Liquidity and capital resources

 

Cash flows

 

For the three months ended March 31, 2018, our unrestricted cash balance increased by $1.5 million. During that period, cash decreased by $0.6 million from operating activities, primarily due to payments for the purchase of investments in portfolio companies of $51.1 million, offset by sales of investments of $44.0 million in portfolio companies and an increase in receivables from investments sold of $11.5 million. During the same period, cash from financial activities increased by $2.1 million from financing activities, consisting primarily of $3.4 million of distributions paid to our stockholders and $4.3 million of borrowings under the Financing Facilities.

 

Capital Resources

 

As of March 31, 2018, we had $6.9 million of cash as well as $2.4 million in restricted cash and $26.6 million of capacity under the 2017 UBS Revolving Financing. We intend to generate additional cash primarily from future offerings of securities, future borrowings under the 2017 UBS Revolving Financing as well as cash flows from operations, including income earned from investments in our portfolio companies and, to a lesser extent, from the temporary investment of cash in U.S. government securities and other high-quality debt investments that mature in one year or less. Our primary liquidity needs include interest and principal repayments on our Financing Facilities, our unfunded loan commitments (if any), investments in portfolio companies, dividend distributions to our stockholders and operating expenses.

 

As discussed below in further detail, we have elected to be treated as a RIC under the Code. To maintain our RIC status, we generally must distribute substantially all of our net taxable income to stockholders in the form of dividends.

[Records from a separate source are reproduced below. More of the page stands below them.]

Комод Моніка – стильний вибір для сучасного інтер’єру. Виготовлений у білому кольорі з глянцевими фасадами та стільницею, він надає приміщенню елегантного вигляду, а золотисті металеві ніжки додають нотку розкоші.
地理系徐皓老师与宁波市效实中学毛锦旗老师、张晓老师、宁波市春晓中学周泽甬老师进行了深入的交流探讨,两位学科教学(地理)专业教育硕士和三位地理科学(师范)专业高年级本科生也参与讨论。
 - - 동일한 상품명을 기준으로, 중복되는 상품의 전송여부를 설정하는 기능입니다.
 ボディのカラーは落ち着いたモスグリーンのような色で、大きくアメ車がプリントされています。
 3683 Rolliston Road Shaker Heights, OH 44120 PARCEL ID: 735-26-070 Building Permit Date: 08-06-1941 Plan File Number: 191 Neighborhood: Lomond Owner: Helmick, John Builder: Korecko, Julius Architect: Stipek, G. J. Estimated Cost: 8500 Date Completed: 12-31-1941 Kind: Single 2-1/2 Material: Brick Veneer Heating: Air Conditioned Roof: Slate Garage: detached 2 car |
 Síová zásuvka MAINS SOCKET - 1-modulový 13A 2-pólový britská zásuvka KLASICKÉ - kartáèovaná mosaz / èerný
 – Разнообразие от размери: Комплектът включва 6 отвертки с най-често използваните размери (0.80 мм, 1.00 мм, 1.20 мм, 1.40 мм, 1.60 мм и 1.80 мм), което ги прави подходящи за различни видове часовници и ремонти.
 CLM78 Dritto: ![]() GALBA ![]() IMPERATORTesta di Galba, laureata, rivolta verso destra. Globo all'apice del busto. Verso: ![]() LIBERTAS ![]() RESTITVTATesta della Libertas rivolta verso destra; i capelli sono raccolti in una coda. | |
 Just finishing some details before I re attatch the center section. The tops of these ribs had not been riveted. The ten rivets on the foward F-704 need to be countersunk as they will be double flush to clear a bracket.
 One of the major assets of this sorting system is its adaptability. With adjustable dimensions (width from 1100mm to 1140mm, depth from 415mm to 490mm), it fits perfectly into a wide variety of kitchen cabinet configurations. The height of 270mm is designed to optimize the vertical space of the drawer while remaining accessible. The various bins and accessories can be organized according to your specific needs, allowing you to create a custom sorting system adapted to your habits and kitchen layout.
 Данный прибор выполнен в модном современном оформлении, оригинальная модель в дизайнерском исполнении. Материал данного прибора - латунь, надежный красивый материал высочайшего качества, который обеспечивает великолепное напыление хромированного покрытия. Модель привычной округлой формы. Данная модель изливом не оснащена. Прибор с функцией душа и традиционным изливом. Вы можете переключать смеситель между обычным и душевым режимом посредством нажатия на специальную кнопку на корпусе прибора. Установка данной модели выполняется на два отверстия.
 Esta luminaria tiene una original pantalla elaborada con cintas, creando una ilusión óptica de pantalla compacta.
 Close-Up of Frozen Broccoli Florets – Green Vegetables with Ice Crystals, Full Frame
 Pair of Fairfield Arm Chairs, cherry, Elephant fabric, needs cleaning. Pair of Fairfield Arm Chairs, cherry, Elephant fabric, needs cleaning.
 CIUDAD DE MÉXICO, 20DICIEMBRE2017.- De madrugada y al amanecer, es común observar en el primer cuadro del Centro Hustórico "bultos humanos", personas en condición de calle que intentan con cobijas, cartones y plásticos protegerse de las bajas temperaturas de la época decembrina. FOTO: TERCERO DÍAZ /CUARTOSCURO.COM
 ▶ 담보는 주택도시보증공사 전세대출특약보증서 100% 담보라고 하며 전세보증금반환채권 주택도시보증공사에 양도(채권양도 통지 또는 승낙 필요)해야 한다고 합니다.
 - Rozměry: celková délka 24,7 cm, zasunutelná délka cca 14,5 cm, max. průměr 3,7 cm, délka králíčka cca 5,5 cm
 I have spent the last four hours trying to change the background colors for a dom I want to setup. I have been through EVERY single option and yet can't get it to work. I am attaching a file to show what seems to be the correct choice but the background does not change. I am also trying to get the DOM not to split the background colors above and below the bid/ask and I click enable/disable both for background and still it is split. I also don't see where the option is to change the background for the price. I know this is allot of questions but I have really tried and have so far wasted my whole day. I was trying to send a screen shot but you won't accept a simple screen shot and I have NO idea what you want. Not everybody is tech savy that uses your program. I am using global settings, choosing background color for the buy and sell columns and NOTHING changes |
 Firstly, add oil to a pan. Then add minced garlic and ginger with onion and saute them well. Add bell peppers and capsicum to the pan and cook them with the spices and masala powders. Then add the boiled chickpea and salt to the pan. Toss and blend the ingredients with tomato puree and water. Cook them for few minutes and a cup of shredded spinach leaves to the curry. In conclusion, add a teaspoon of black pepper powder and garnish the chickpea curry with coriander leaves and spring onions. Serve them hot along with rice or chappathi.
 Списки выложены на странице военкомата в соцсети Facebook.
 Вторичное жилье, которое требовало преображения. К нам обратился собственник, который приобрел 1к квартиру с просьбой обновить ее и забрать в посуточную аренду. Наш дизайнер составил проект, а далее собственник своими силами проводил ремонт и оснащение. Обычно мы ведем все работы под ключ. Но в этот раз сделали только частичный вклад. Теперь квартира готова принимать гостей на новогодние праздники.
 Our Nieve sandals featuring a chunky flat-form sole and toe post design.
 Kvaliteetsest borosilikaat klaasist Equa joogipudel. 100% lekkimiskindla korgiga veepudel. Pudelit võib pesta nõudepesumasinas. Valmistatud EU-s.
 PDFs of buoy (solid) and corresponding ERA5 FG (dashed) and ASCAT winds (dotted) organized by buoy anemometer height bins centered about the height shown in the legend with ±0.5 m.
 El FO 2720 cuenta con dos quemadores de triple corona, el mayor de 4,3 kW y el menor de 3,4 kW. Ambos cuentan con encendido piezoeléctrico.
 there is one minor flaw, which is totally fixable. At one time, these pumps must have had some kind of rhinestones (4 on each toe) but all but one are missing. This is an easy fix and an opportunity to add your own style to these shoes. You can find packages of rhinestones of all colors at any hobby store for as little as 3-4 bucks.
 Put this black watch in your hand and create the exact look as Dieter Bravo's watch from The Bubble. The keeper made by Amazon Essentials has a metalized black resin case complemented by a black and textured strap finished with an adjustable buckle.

Our net taxable income does not necessarily equal our net income as calculated in accordance with U.S. GAAP.

 

Regulated Investment Company Status and Distributions

 

We have elected to be treated as a RIC under Subchapter M of the Code. If we continue to qualify as a RIC, we will not be taxed on our investment company taxable income or realized net capital gains, to the extent that such taxable income or gains are distributed, or deemed to be distributed, to stockholders on a timely basis.

 

Taxable income generally differs from net income for financial reporting purposes due to temporary and permanent differences in the recognition of income and expenses, and generally excludes net unrealized appreciation or depreciation until realized. Dividends declared and paid by us in a year may differ from taxable income for that year as such dividends may include the distribution of current year taxable income or the distribution of prior year taxable income carried forward into and distributed in the current year. Distributions also may include returns of capital.

 

To continue to qualify for RIC tax treatment, we must, among other things, distribute to our stockholders, with respect to each taxable year, at least 90% of our investment company net taxable income (i.e., our net ordinary income and our realized net short-term capital gains in excess of realized net long-term capital losses, if any). We will also be subject to a federal excise tax, based on distributive requirements of our taxable income on a calendar year basis.

 

We intend to distribute to our stockholders between 90% and 100% of our annual taxable income (which includes our taxable interest and fee income). However, the covenants contained in the Financing Facility may prohibit us from making distributions to our stockholders, and, as a result, could hinder our ability to satisfy the distribution requirement. In addition, we may retain for investment some or all of our net taxable capital gains (i.e., realized net long-term capital gains in excess of realized net short-term capital losses) and treat such amounts as deemed distributions to our stockholders. If we do this, our stockholders will be treated as if they received actual distributions of the capital gains we retained and then reinvested the net after-tax proceeds in our common stock. Our stockholders also may be eligible to claim tax credits (or, in certain circumstances, tax refunds) equal to their allocable share of the tax we paid on the capital gains deemed distributed to them. To the extent our taxable earnings for a fiscal taxable year fall below the total amount of our dividends for that fiscal year, a portion of those dividend distributions may be deemed a return of capital to our stockholders.

 

We may not be able to achieve operating results that will allow us to make distributions at a specific level or to increase the amount of these distributions from time to time. In addition, we may be limited in our ability to make distributions due to the asset coverage test for borrowings applicable to us as a BDC under the 1940 Act and due to provisions in Financing Facilities. We cannot assure stockholders that they will receive any distributions or distributions at a particular level.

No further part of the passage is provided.